The answer to this led me down a barrage of situations and I realized that in many areas of my life—relationships, my job, even my ‘purpose’ as I’ve come to define it—I was following what my mind believed would create safety and love for me.

I’ve come to see relationships as experiences with the potential to bring us to a deeper awareness and acceptance of who we are. Despite the precedence put on marriage and sacred union, they are not something we ever have or can achieve. Our relationships require a lifelong devotion to mining the heart, and learning to love who we are in this moment.

And when we remember who we are, we become magnets for people who see and love this.

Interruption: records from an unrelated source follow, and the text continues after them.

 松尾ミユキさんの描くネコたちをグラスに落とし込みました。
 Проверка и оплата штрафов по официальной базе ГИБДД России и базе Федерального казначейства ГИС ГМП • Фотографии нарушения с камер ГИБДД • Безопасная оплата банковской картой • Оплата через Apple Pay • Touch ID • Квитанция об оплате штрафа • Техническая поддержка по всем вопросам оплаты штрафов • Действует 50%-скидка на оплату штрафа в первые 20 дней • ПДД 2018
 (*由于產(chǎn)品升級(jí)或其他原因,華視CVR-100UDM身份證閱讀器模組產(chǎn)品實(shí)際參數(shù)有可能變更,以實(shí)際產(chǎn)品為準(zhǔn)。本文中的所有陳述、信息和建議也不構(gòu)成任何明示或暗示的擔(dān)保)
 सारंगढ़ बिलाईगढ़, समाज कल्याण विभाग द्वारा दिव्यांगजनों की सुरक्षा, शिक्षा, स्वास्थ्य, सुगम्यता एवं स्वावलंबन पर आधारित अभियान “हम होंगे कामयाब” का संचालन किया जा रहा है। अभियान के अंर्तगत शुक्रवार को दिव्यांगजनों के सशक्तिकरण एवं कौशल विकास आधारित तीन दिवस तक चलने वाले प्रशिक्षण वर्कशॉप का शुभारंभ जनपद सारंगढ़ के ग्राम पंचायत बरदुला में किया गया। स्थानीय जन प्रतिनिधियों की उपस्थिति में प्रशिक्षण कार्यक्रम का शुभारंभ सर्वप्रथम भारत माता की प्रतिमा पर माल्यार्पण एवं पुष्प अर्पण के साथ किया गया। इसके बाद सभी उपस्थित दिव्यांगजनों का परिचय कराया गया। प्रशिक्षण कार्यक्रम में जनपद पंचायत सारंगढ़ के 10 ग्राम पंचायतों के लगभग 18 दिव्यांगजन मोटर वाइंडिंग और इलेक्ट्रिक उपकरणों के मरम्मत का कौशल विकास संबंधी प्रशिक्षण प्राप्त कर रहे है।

So here are the reasons why I made the commitment to be single for 2019:

Relationships are an inside job.

The quality of the relationship to one of both our parents forms the foundation for our unconscious beliefs about love. If this was perceived to be conditional or traumatic in any way, our adult relationships will continue perpetuate this story about love. This is not good our bad – it just is. However, once we become aware of how these beliefs are impacting our relationships, there may be some we want to let go of.

Of course, this can be done within an existing relationship – in fact, stories and beliefs will continue to come up and forming a deep inquiry practice will benefit any stage of a relationship.

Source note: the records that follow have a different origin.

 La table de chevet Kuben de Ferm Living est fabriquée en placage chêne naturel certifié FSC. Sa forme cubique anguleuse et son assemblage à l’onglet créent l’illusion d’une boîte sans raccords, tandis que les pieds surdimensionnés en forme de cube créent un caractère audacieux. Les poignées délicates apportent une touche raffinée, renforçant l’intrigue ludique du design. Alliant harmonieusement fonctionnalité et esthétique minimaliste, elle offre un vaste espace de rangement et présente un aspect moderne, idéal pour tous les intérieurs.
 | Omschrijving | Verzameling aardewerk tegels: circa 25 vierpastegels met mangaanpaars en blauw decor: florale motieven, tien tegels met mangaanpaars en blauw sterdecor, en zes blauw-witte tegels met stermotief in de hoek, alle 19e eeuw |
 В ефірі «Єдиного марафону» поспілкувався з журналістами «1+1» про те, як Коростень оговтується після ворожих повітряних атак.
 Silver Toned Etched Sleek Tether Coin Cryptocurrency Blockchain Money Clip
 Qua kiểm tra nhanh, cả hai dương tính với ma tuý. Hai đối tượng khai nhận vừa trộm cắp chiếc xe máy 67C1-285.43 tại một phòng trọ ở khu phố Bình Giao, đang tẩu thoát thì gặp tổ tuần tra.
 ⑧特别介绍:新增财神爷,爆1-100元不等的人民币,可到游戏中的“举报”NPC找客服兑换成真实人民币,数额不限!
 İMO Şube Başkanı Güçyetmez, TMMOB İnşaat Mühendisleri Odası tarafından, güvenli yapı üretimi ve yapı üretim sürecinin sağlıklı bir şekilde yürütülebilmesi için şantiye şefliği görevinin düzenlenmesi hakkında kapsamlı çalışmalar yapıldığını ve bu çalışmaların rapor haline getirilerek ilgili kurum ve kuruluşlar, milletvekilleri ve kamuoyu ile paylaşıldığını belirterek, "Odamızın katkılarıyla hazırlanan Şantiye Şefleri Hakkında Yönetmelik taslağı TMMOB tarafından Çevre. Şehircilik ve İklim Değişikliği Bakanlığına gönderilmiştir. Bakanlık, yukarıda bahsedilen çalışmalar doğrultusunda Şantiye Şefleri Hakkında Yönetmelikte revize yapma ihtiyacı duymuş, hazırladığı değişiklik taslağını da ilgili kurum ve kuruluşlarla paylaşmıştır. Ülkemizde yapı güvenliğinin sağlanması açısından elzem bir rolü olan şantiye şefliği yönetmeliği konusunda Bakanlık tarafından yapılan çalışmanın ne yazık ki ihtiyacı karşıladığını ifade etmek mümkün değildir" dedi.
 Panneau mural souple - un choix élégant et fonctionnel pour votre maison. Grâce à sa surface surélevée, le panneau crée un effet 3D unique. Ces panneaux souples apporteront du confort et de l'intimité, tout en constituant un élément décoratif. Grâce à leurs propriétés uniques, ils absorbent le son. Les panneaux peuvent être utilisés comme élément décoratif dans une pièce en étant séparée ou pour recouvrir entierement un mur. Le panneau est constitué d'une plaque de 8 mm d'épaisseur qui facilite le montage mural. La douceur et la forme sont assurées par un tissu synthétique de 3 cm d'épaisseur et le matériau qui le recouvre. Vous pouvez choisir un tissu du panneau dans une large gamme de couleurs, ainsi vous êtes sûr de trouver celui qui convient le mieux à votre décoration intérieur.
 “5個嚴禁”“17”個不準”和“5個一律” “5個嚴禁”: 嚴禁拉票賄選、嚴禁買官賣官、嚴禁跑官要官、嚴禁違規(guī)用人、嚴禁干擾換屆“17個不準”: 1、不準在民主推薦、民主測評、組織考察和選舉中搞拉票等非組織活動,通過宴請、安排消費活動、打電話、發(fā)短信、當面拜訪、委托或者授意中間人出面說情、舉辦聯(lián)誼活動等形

However, what was coming up for me for was a longing and desperate need to be chosen by a beloved, at any cost. But if that choice is not informed by an understanding and communication of my own needs and desires, then it is a relationship where I cannot fully be myself.

By choosing to provide for ourselves what we so desperately want in a beloved, we start to vibrate at a frequency which make us irresistible to the partner we want.

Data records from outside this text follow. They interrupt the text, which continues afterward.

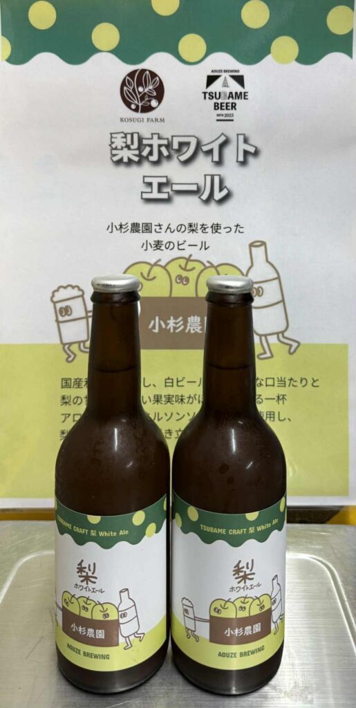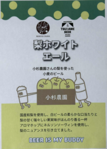 梨のビールは、燕ビールさんと小杉農園のコラボレーション。白ビールの柔らかな口当たりと梨の甘く瑞々しい果実味がほんのり香る一杯。アロマホップにネルソンソーヴィンを使用し、梨のニュアンスを引き立てています。
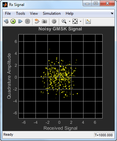 В окне Rx Signal отображается график рассеяния сигнала после канала AWGN.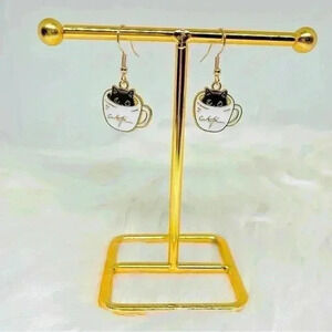 Lovely Kitty In A Coffee Cup Earrings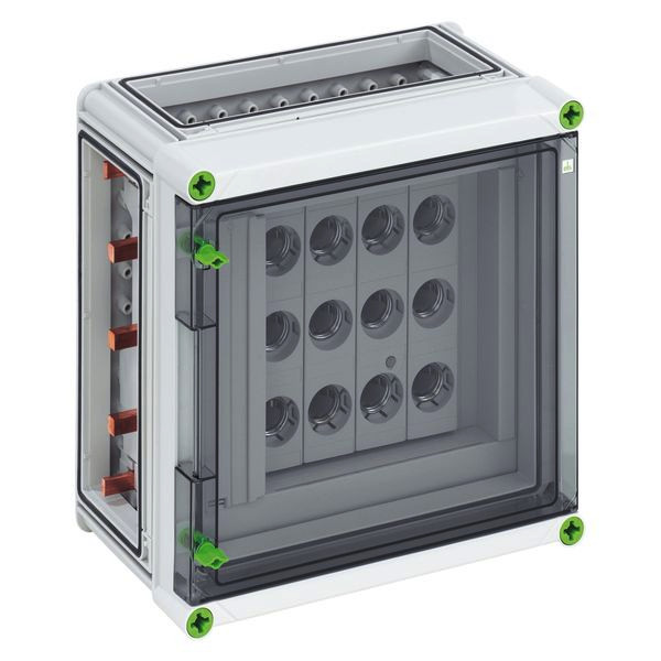 DIAZED(R)-Reiter-Sicherungsgehäuse, 4 x 3-polige DII-Reiter-Sicherungssockel, E 27-Gewinde, Bemessungsstrom 25 A, Schraubanschluss 1,5-25mm², auf Sammelschiene 5-polig, N-Klemmen 1,5-16mm², PE-Klemmen 1,5-16mm², 3 x Gehäuseverbinder (GGV), auf Sammelschienensystem 250 A, mit transparenter Klapptür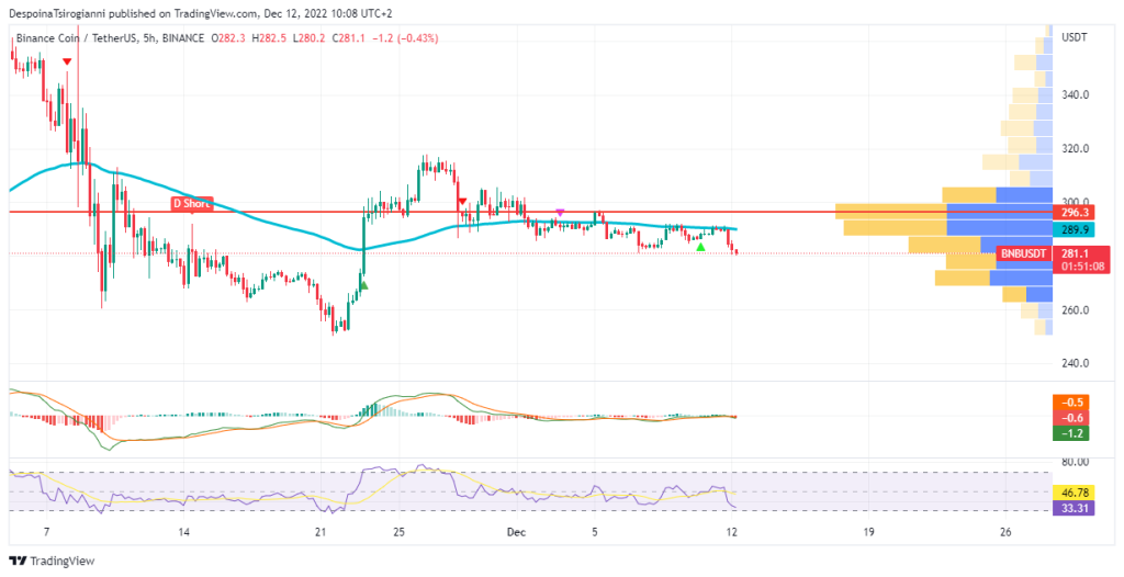 In the 5-hour chart, BNB drags lower. The price fluctuates below the 50 SMMA ($289.9) after rejecting it. The Volume Profile indicator determines $296.3 as a strong trading area, and the price fluctuates below it.

Prioritising pleasure and dating ourselves

This equally applies in the bedroom as it does to life more broadly. Knowing what brings you pleasure in the absence of a partner is crucial, because every single person you meet will meet you differently in this. When we don’t know what we want and desire, how can we communicate and honour this?

I used to desire a relationship because I longed for the romance of novels and films. And because I associated romance with love, and love felt conditional, I would quickly relinquish my own desires in order to please them.

But when I found out the definition of romance is “a feeling of excitement and mystery associated with love” I realised that I feel this most intensely when I am single! Playing in the pleasure of the unknown is what is ‘truly’ romantic for me, so this year will be all about dating and romancing myself. Think coffee dates, art galleries, book shops, the movies – with myself.

Single doesn’t mean an absence of connection

 Recent experiences have shown me that it is really easy to get swept up the connection for what it could be, rather than what it is.

I am still going to date. But I am going to be prioritising my own energy and boundaries more than I have been up until now. But the focus will be on how I can be present and surrender to the connection in each moment, however it looks or feels.

I am still going to have a full, erotic and vibrant life in the absence of an intimate or sexual relationship. But the more I focus on creating this in my life sans mate, the more this relationship will compound the love and pleasure already in my life.

For me, this year will be a break for my soul to dive deep into the life I want to create without changing or compromising my plans for another. It will also be a journey in creating relationships based on freedom, presence, love and vulnerability, absent of an agenda.

And this will mean sometimes stepping into discomfort. But the burden of choice I felt in the past left me flailing and clinging on to familiar relationships patterns and stories out of fear of the unknown. Because when it is all up to us, which direction should we choose?

It might mean reaching out to friends when I feel lonely, and showing up for the people already in my life, rather than constantly seeking newness to avoid deeper intimacy. And it will definitely mean truly coming to terms with my aloneness, and cultivating the practice of choosing myself.

So instead of asking your heart “Why won’t he choose me?”, try asking: “Where am I not choosing myself?